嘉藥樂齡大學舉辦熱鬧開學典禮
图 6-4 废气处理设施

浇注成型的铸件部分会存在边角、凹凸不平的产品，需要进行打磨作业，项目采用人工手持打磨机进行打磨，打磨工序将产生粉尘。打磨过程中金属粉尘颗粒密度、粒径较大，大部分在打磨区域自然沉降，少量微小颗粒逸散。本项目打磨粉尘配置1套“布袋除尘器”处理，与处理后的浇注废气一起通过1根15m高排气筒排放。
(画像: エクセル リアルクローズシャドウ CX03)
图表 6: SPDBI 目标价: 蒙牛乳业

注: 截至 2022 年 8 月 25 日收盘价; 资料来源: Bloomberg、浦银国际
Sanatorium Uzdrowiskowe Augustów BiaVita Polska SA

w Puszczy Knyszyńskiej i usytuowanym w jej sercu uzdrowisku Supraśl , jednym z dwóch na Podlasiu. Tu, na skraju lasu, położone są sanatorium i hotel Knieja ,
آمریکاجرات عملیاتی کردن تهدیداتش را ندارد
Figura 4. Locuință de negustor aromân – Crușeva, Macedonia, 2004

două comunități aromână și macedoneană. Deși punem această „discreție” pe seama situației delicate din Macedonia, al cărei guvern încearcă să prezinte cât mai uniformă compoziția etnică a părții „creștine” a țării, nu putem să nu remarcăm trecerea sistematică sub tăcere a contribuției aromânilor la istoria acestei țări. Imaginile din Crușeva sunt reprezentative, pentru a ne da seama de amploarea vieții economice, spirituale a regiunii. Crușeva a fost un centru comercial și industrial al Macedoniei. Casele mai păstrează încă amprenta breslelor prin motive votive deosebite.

--*--

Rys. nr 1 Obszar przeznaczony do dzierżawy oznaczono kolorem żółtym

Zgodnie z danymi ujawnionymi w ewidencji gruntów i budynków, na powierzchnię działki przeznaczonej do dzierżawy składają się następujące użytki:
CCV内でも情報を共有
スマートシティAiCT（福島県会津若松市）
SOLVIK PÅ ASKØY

--*--

* What the exercise asks *
Go through the entries and report every line with the string "Crușeva".

* Task answer *
Figura 4. Locuință de negustor aromân – Crușeva, Macedonia, 2004
două comunități aromână și macedoneană. Deși punem această „discreție” pe seama situației delicate din Macedonia, al cărei guvern încearcă să prezinte cât mai uniformă compoziția etnică a părții „creștine” a țării, nu putem să nu remarcăm trecerea sistematică sub tăcere a contribuției aromânilor la istoria acestei țări. Imaginile din Crușeva sunt reprezentative, pentru a ne da seama de amploarea vieții economice, spirituale a regiunii. Crușeva a fost un centru comercial și industrial al Macedoniei. Casele mai păstrează încă amprenta breslelor prin motive votive deosebite.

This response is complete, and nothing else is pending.